** Your goal **
Print the lines in the listing below starting at the line with "Ingestion ต้นทาง (Data" and ending at the line with "Sér yfir hluta", both included. Reproduce them exactly and omit every picture.
++++ Given records ++++
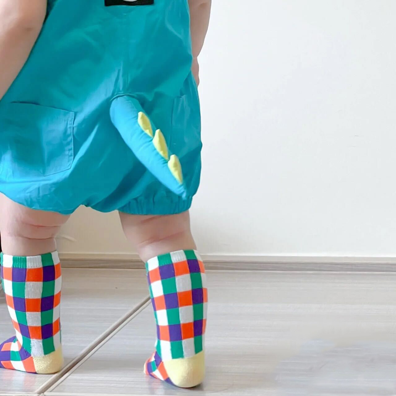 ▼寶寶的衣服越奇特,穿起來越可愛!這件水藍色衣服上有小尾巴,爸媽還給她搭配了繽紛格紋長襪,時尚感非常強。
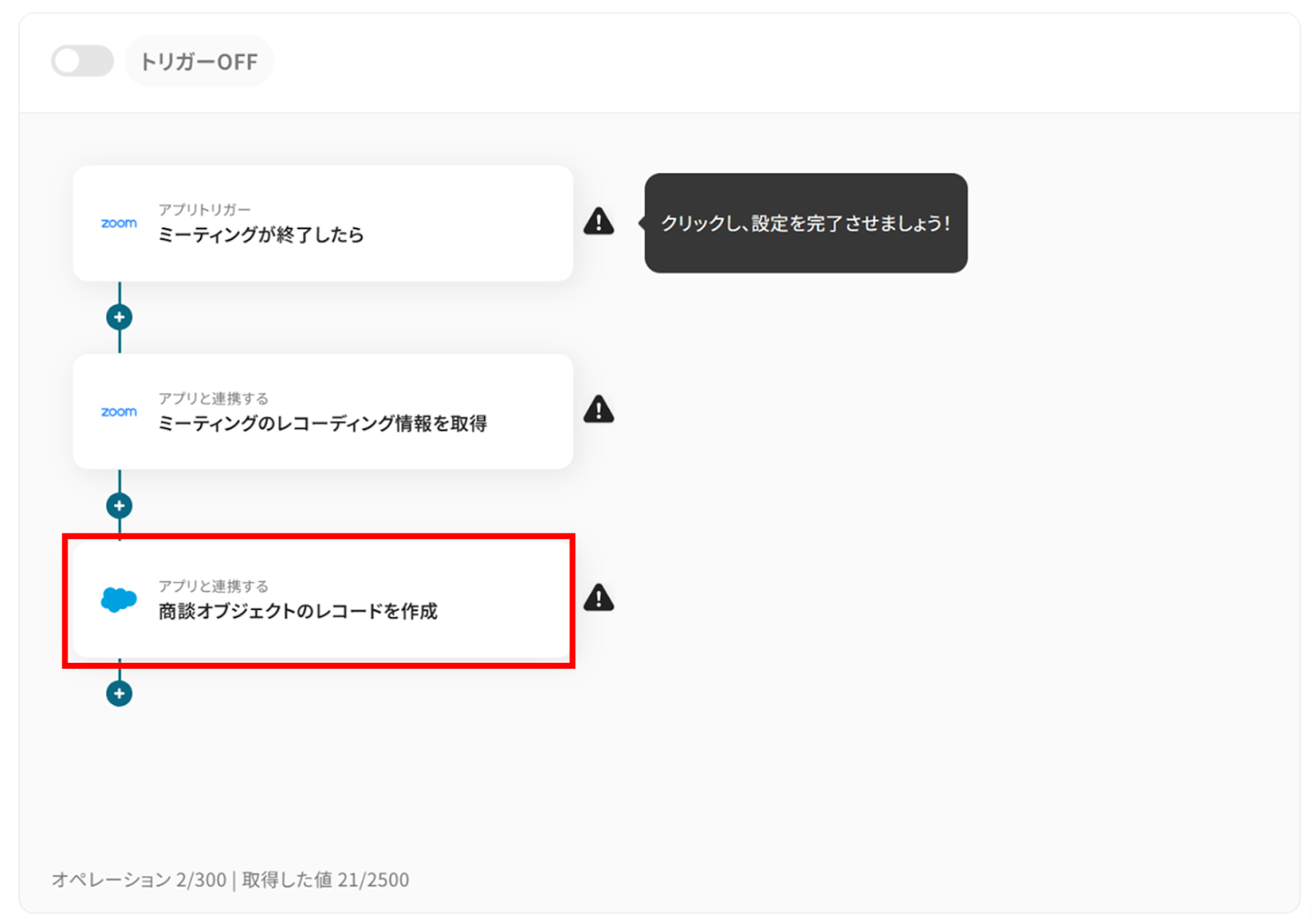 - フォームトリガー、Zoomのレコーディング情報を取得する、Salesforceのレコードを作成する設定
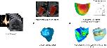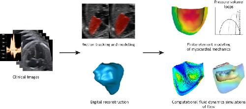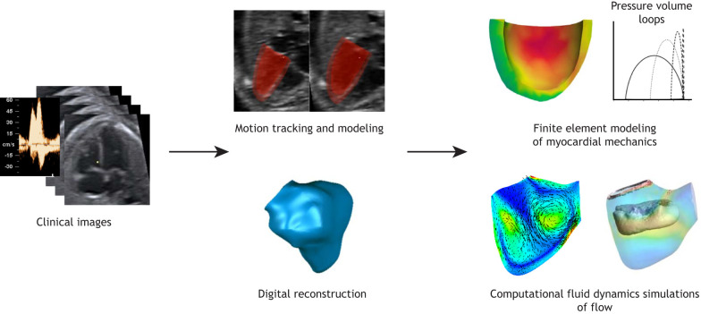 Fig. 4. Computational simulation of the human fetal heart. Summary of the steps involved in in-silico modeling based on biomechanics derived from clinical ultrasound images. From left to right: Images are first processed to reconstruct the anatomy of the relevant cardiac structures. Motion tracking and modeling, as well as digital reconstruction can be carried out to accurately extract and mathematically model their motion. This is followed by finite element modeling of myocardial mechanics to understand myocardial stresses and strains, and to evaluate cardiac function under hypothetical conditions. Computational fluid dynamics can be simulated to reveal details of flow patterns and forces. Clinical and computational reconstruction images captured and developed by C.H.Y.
++++
++++ Given records ++++
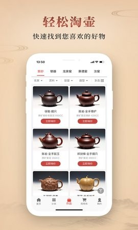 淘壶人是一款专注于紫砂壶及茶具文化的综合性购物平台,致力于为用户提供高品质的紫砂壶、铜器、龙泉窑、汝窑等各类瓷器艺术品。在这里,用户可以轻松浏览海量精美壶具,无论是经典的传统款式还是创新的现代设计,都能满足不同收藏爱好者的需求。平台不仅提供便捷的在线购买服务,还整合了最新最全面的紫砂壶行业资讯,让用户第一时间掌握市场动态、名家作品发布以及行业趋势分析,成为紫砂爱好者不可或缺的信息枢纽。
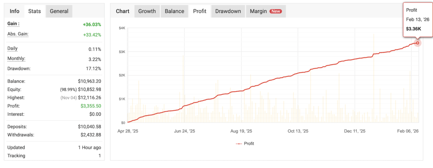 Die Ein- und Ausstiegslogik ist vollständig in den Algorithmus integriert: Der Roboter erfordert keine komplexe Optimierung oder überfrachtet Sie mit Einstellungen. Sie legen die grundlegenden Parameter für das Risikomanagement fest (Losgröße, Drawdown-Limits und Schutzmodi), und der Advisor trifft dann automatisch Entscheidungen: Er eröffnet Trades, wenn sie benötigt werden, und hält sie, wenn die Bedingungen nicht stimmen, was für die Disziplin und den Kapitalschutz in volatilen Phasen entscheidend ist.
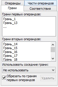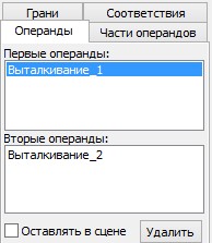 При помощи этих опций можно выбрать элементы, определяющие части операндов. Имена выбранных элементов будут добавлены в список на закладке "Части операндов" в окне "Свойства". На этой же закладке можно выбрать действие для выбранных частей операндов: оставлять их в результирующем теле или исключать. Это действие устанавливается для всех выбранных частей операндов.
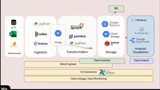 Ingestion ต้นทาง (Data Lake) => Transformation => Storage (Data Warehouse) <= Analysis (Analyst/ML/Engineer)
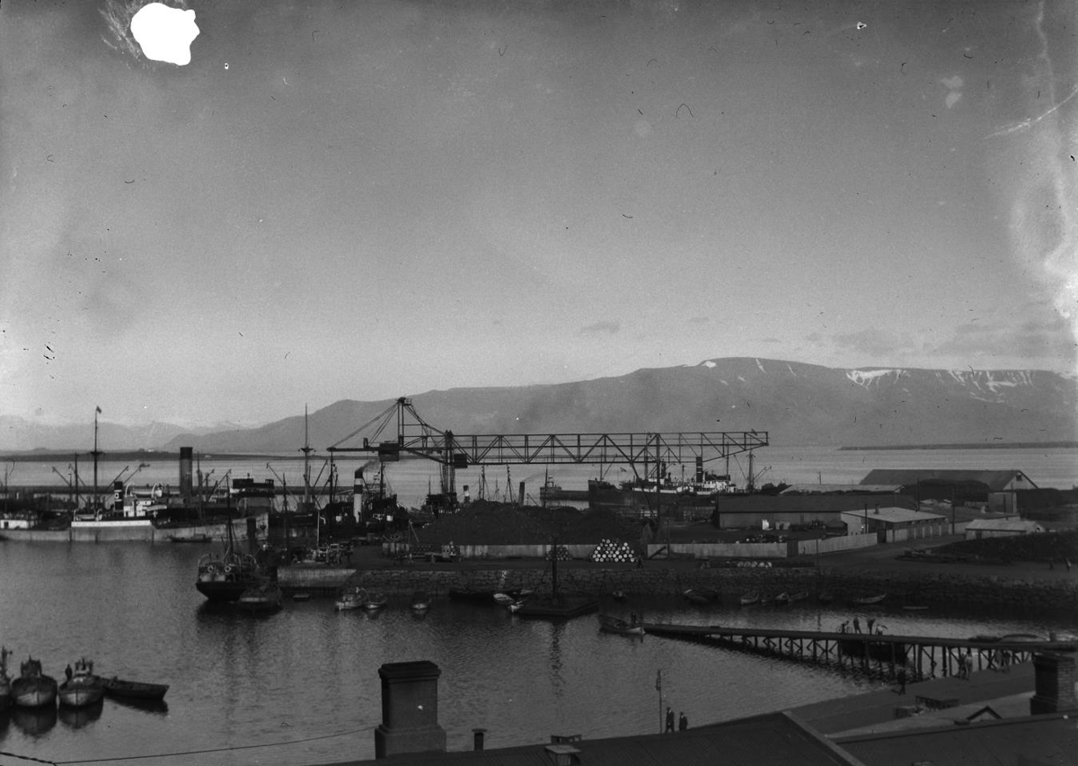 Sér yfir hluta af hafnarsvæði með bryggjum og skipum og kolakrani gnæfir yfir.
++++
++++ Given records ++++
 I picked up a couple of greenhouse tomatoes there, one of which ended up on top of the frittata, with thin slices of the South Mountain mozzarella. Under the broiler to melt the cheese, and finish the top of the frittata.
++++
** Response area **
 Ingestion ต้นทาง (Data Lake) => Transformation => Storage (Data Warehouse) <= Analysis (Analyst/ML/Engineer)
 Sér yfir hluta af hafnarsvæði með bryggjum og skipum og kolakrani gnæfir yfir.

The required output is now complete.